Day after day, sports commentators toss astronomical dollar figures around, de-sensitizing the audience to the scale of the wealth they're describing. It's disgusting.
I try to consume at least a little bit of sportstalk once a day. It’s probably my favorite way to unwind or give my mind a break while eating a meal in-between bouts of writing.
As far back as childhood, I’ve always loved listening to people talk about sports — even when I had no interest in sports themselves, and even when I didn’t understand a word of what was being said.
One thing that’s always irked me to no end, though, is the way sports commentators talk about player salaries. Salaries are a subject of constant focus in the sportstalk ecosystem, so if you listen to any show, it’s only a matter of time before a pundit starts throwing around astronomical figures as casually as if they were talking about Monopoly money.
Like in this clip, which aired the same day I wrote this:
Now, I’m a huge fan of Speak For Yourself hosts Marcellus Wiley and Emmanuel Acho. I watch them quite often, and they bring a great deal of enrichment and edification to my life. I don’t say that lightly — Overall, I love the job these guys do. It’s also unfair to single them out because I’ve never heard a sports analyst who didn’t speak about salaries this way. So this is obviously the protocol — to normalize sums of money that are inconceivable to the people in the audience.
But why?
I’m not about to join the chorus of “isn’t it so terrible that people make so much money for playing a child’s game.” Do I think teachers should be among a society’s most highly compensated people? Sure, but sports are multi-billion dollar industries, and it’s only fair that the people doing the actual physical labor should be compensated fairly in proportion to what these leagues rake-in. And why should superstar athletes make less than superstar musicians and actors when athletes typically have much shorter careers. (Or, to be more precise, it’s at least possible for musicians and actors to sustain careers into old age in a way that’s simply not an option for athletes.)
But talking about the money in a way that ignores the exponential gap between what star players make and what the average audience member makes is just… in poor taste, especially in an economy where bare supermarket shelves and sky-high gas prices are the norm and the threat of hyper-inflation looms.

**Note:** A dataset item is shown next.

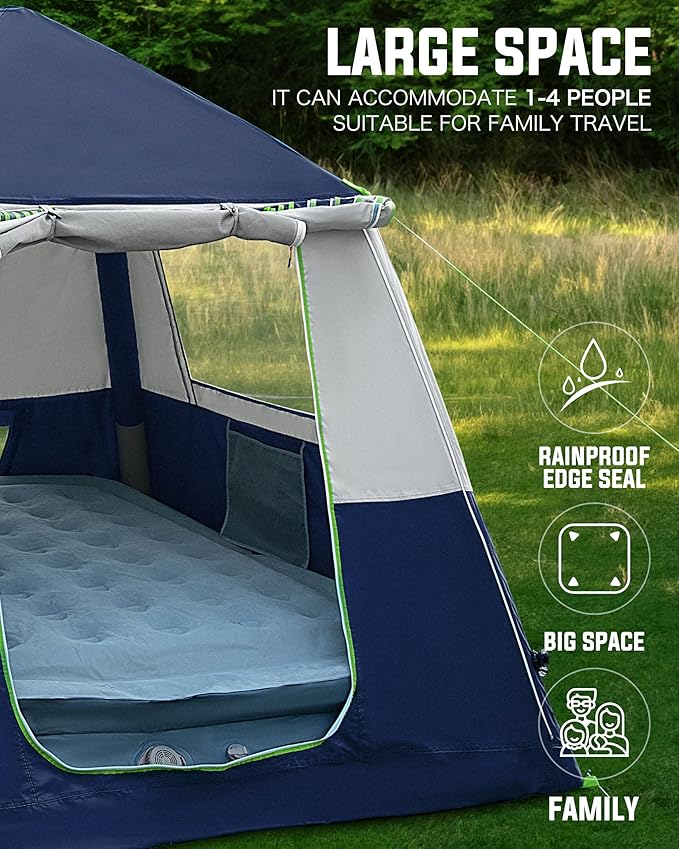 - 【SPACIOUS AND CONVENIENT】The 4-person instant cabin tent is 7.5ft x 7.5ft and fits one full-size mattresses easily with plenty of extra space, you can stand fully upright when changing clothes with a peak height of 5.8ft.

Moreover, for as much as these analysts harp incessantly about money, they talk about it as if it has no value. Over and over, the train of thought goes something like this: player x is being offered 45 million dollars a year, but because player y just signed a contract for 48.5 million dollars, player x should hold out for at least 52 million because player x is clearly more skilled — and thus more valuable — than player y.

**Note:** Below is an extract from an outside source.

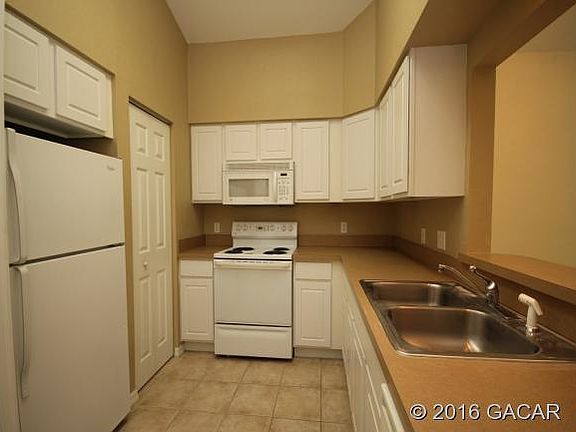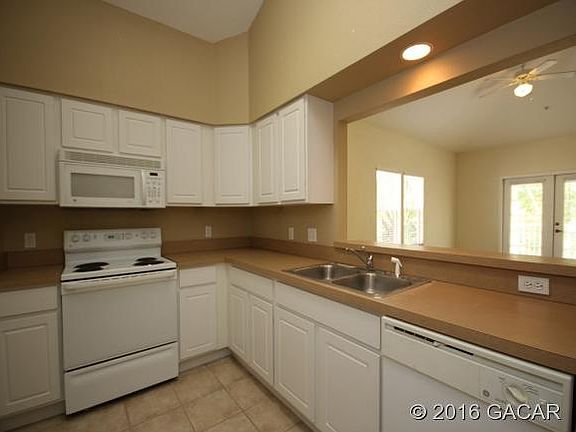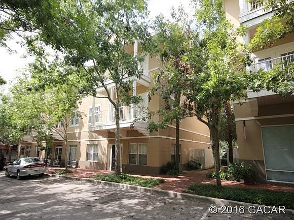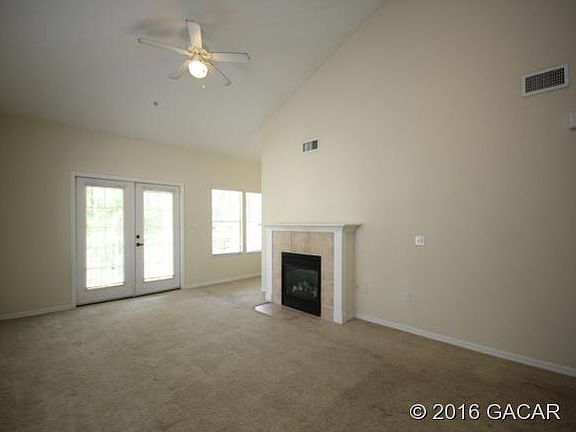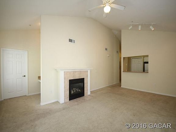 Beautiful 2 bedroom condo located in the upscale Haile Village Center! Living room displays vaulted ceilings and a fireplace! French doors open up to a balcony overlooking a lovely view of Haile. Neutral paint colors throughout. Many shoppes, cafes, and walking trails located close by. Steps away from the weekly Farmer's Market. Washer and dryer included. Graduate students welcome. This condo is a must-see!

To us watching, these sums are basically meaningless. Some of these analysts, like ESPN’s Stephen A. Smith, like to be very demonstrative about their pro-capitalist ethic. Players, Smith often argues, should always look to maximize their earning potential. Pretty much all of Smith’s peers work off the assumption that, because players have the chance to earn “generational wealth,” they should get as much as they can while the going is good.
That would be fair enough — if we were talking about a situation where the difference resulted in a demonstrable drop in the laborer being able to provide for themselves and their family. But what’s so odd and incoherent about this line of thought is that it ignores the question of what money actually buys you — which, apparently, is not much if you take these shows at face value. Because making, say, 25 or even 50 million dollars a year isn’t enough to stop you from stressing about whether someone else makes more than you.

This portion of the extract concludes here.